* _Task to complete_
The line containing "首页 - 产品展示 - 标准生产布局图 - PET 无菌或超洁净生产线工艺流程图" marks the end: copy exactly every line from the start of the records below up to and including it, leaving out pictures.
[Material shown Boundary: Start]
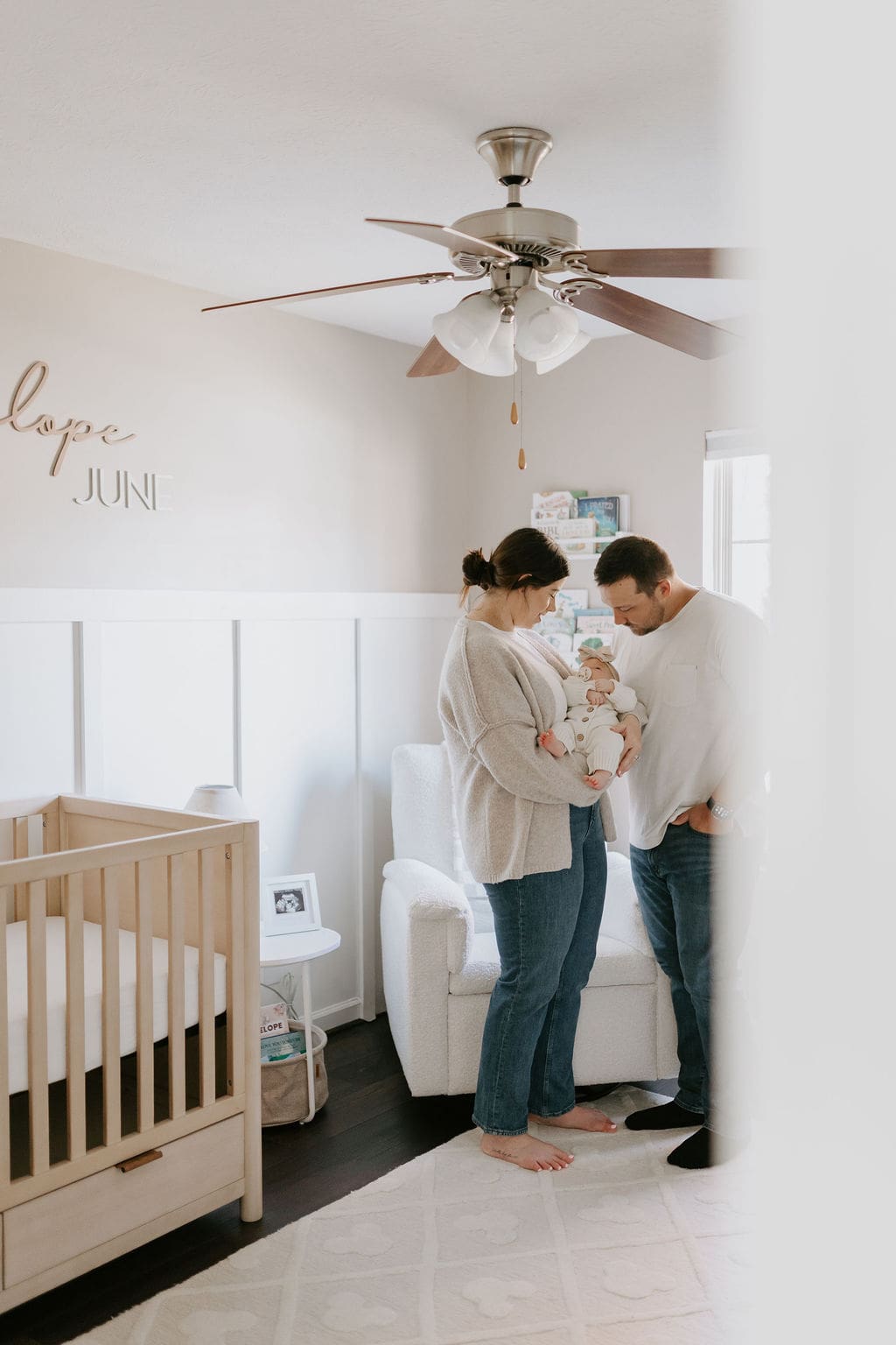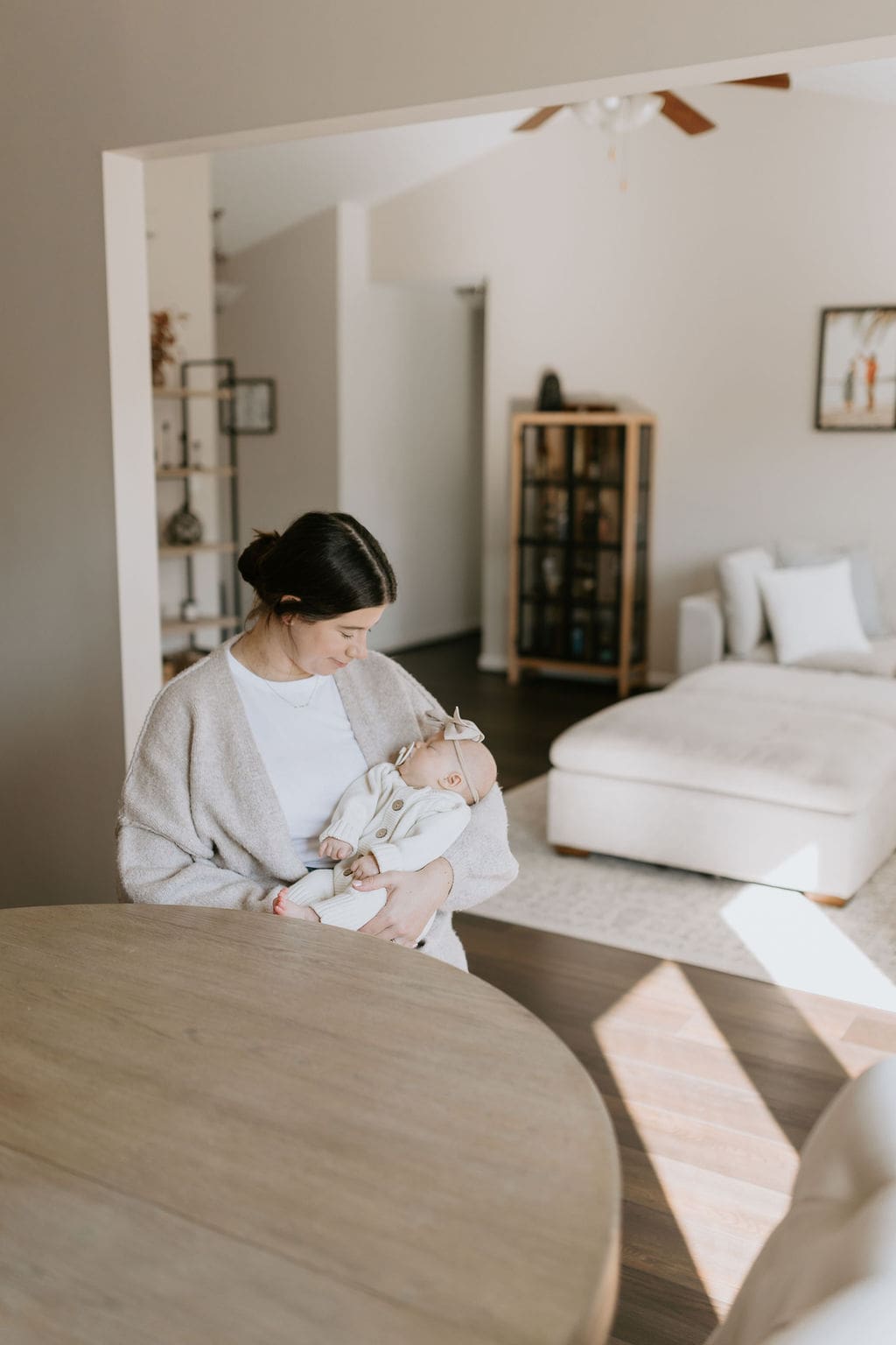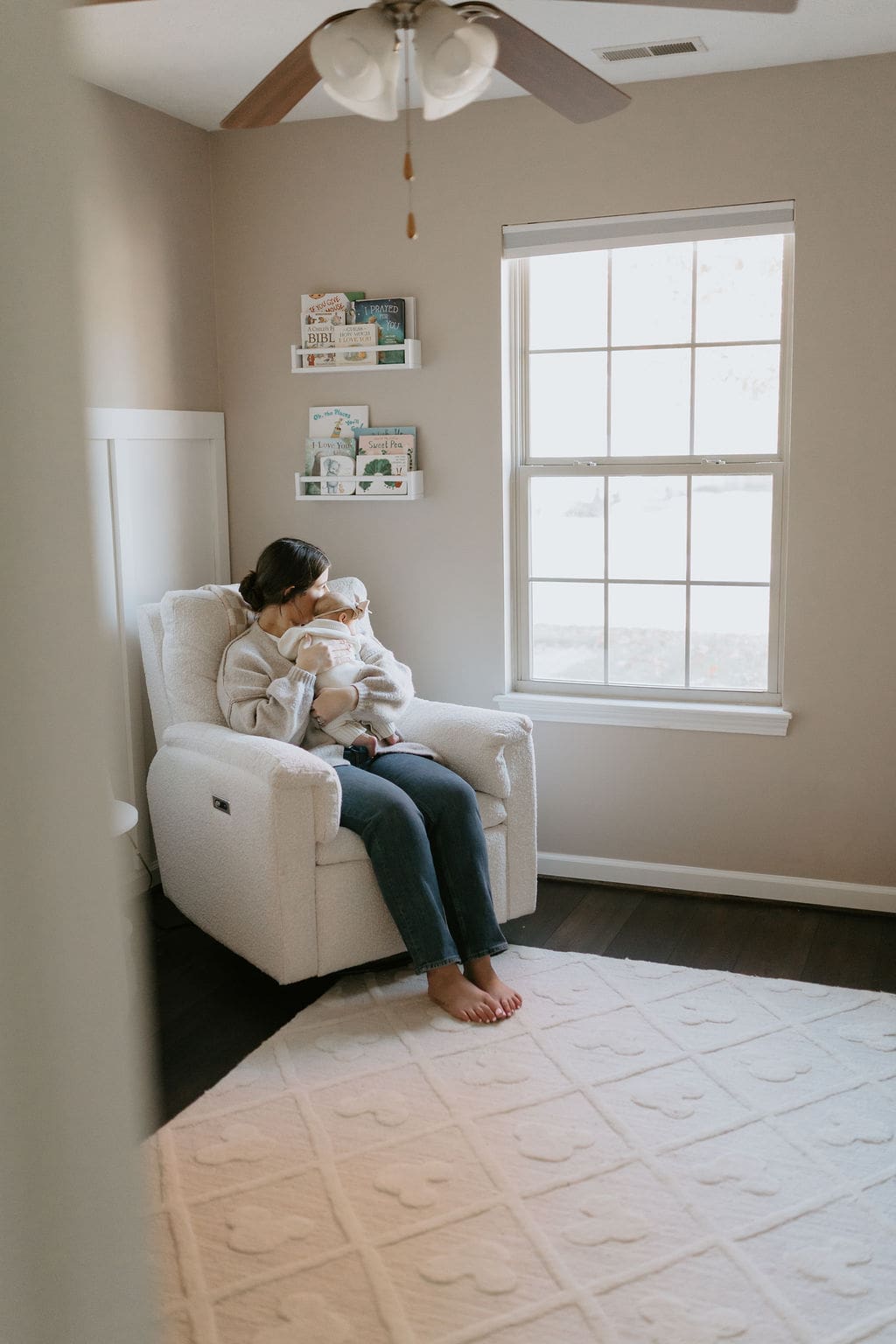 Penelope was such an easy little one to photograph. I love that we were able to get photos of her both awake and asleep, and even some shots of a quick little bottle feed. Her nursery was glowing in the afternoon light, and I loved all of the white, light pinks, and subtle nods to vintage Disney decor. The decor throughout this home made for the perfect backdrop for photos. So many great little pockets of light.
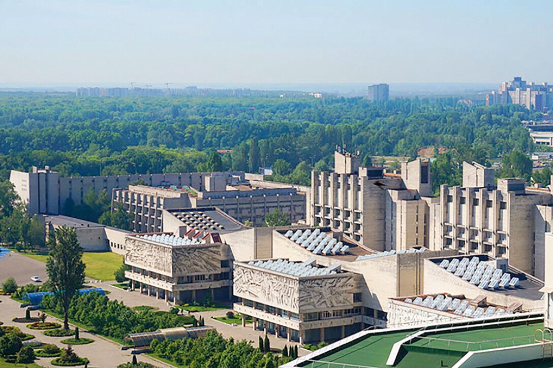 Финальной точкой модернистского маршрута по Киеву является ВДНХ. В 1970-е напротив выставки был пустырь на окраине города. Чтобы его оживить, городские власти решили построить на этом месте новые корпуса Киевского национального университета имени Тараса Шевченко и студенческий городок. Этот проект часто называют "кубинским", но это не так — его создавали киевские архитекторы, в том числе Михаил Будиловский, один из самых ярких представителей профессии той поры. Будиловский создал футуристический комплекс, который должен был включать десяток корпусов различных факультетов, ректорат — высотку со шпилем, обширную инфраструктуру и даже подземный туннель, который бы соединял университет с ВДНХ. К сожалению, построена лишь малая часть проекта — четыре корпуса факультетов физики, радиофизики, мехмата и кибернетики. Эти белые здания и сейчас выглядят эффектно. Здание физического факультета, фасад которого выходит на проспект, над главным входом имеет ступенчатый "трамплин", а над каждым окном — "ребра" для защиты от солнца, которые задают ритм всему комплексу.
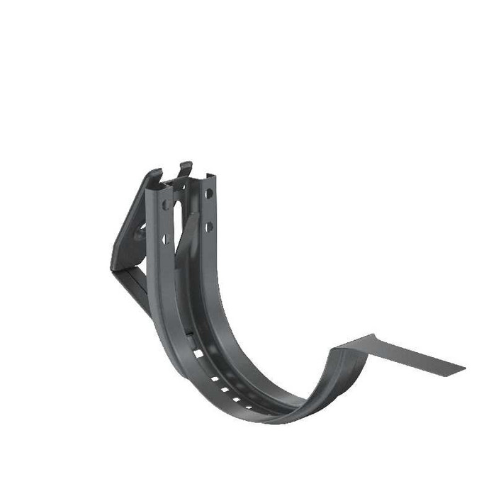 Крюк крепления регулируемый (в комплекте)Применяется для монтажа водосточных систем 125/90 и 150/100Данный элемент имеет возможность регулировки угла наклона и позволяет производить монтаж водосточного желоба на лобовую доску с уклонами отличными от 90 градусов.
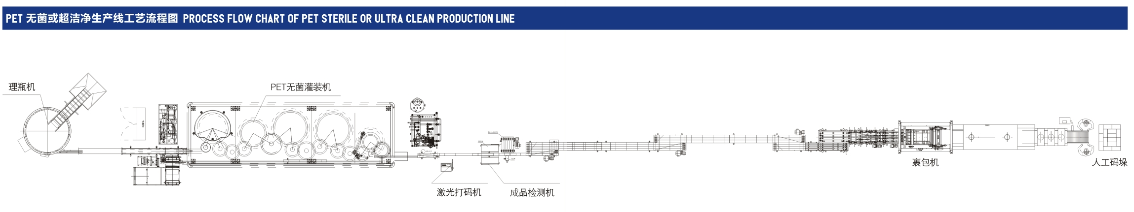 首页 - 产品展示 - 标准生产布局图 - PET 无菌或超洁净生产线工艺流程图
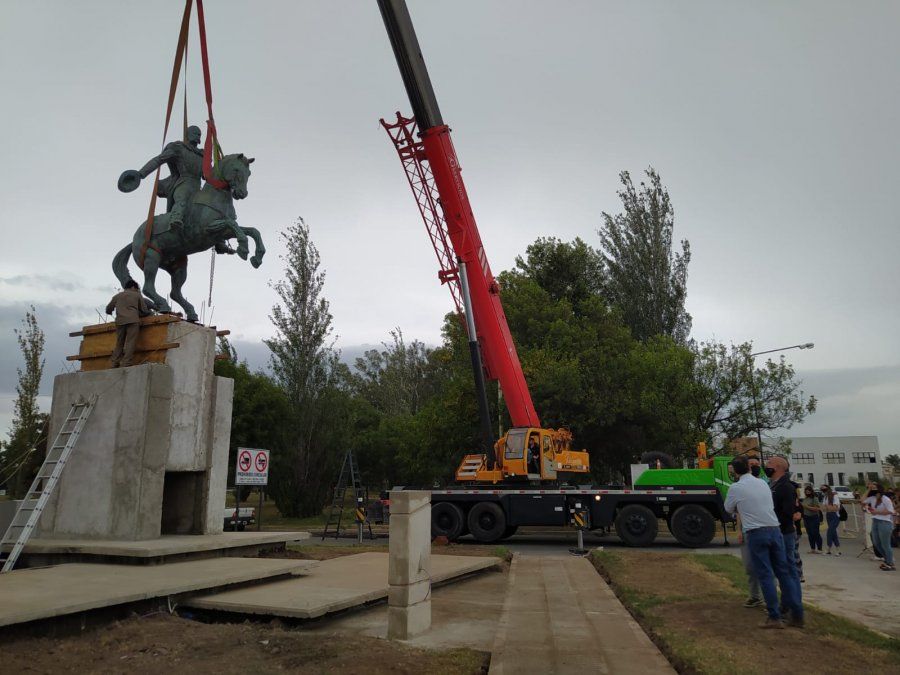 La tarea se realizó inmediata al arribo de la figura a la ciudad, la cual fue situada sobre la base dispuesta para tal fin en calles Sucre y Bulevar España.
[Material shown Boundary: End]
* _Exercise result_
 Penelope was such an easy little one to photograph. I love that we were able to get photos of her both awake and asleep, and even some shots of a quick little bottle feed. Her nursery was glowing in the afternoon light, and I loved all of the white, light pinks, and subtle nods to vintage Disney decor. The decor throughout this home made for the perfect backdrop for photos. So many great little pockets of light.
 Финальной точкой модернистского маршрута по Киеву является ВДНХ. В 1970-е напротив выставки был пустырь на окраине города. Чтобы его оживить, городские власти решили построить на этом месте новые корпуса Киевского национального университета имени Тараса Шевченко и студенческий городок. Этот проект часто называют "кубинским", но это не так — его создавали киевские архитекторы, в том числе Михаил Будиловский, один из самых ярких представителей профессии той поры. Будиловский создал футуристический комплекс, который должен был включать десяток корпусов различных факультетов, ректорат — высотку со шпилем, обширную инфраструктуру и даже подземный туннель, который бы соединял университет с ВДНХ. К сожалению, построена лишь малая часть проекта — четыре корпуса факультетов физики, радиофизики, мехмата и кибернетики. Эти белые здания и сейчас выглядят эффектно. Здание физического факультета, фасад которого выходит на проспект, над главным входом имеет ступенчатый "трамплин", а над каждым окном — "ребра" для защиты от солнца, которые задают ритм всему комплексу.
 Крюк крепления регулируемый (в комплекте)Применяется для монтажа водосточных систем 125/90 и 150/100Данный элемент имеет возможность регулировки угла наклона и позволяет производить монтаж водосточного желоба на лобовую доску с уклонами отличными от 90 градусов.
 首页 - 产品展示 - 标准生产布局图 - PET 无菌或超洁净生产线工艺流程图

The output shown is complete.